Bottom Line: At the interface, the reactive astrocytes and the fibroblasts interact to form an organized tissue, the glia limitans.While much attention has been paid to the inhibitory effects of the astrocytic component of the scars on axon regeneration, this review will cover a number of recent studies in which manipulations of the fibroblastic component of the scar by reagents, such as blockers of collagen synthesis have been found to be beneficial for axon regeneration.To what extent these changes in the fibroblasts act via subsequent downstream actions on the astrocytes remains for future investigation.
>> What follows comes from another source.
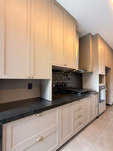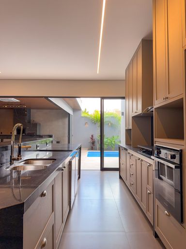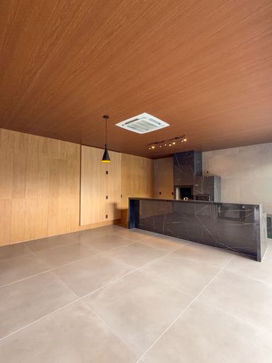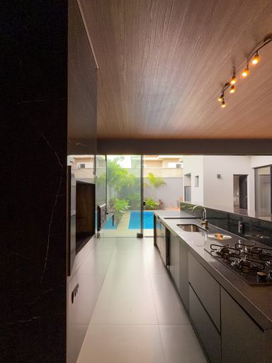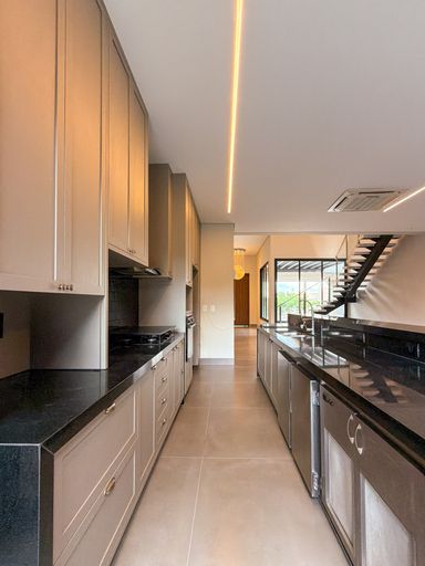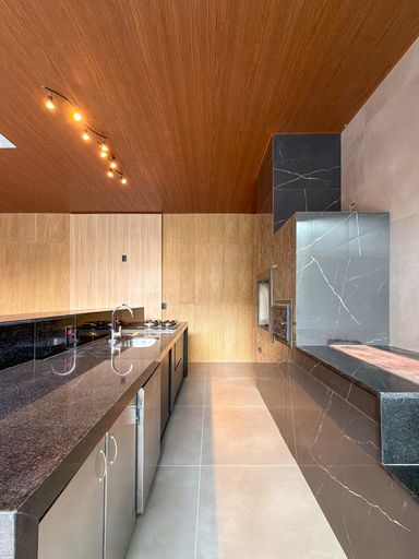 Cozinha com área gourmet, churrasqueira e balcão

View Article: PubMed Central - PubMed

Affiliation: Laboratory of Neural Regeneration, Tokyo Metropolitan Institute of Medical Science, Setagaya City, Tokyo 156-8506, Japan. kawano-ht@igakuken.or.jp

ABSTRACT
Traumatic damage to the central nervous system (CNS) destroys the blood-brain barrier (BBB) and provokes the invasion of hematogenous cells into the neural tissue. Invading leukocytes, macrophages and lymphocytes secrete various cytokines that induce an inflammatory reaction in the injured CNS and result in local neural degeneration, formation of a cystic cavity and activation of glial cells around the lesion site. As a consequence of these processes, two types of scarring tissue are formed in the lesion site. One is a glial scar that consists in reactive astrocytes, reactive microglia and glial precursor cells. The other is a fibrotic scar formed by fibroblasts, which have invaded the lesion site from adjacent meningeal and perivascular cells. At the interface, the reactive astrocytes and the fibroblasts interact to form an organized tissue, the glia limitans. The astrocytic reaction has a protective role by reconstituting the BBB, preventing neuronal degeneration and limiting the spread of damage. While much attention has been paid to the inhibitory effects of the astrocytic component of the scars on axon regeneration, this review will cover a number of recent studies in which manipulations of the fibroblastic component of the scar by reagents, such as blockers of collagen synthesis have been found to be beneficial for axon regeneration. To what extent these changes in the fibroblasts act via subsequent downstream actions on the astrocytes remains for future investigation.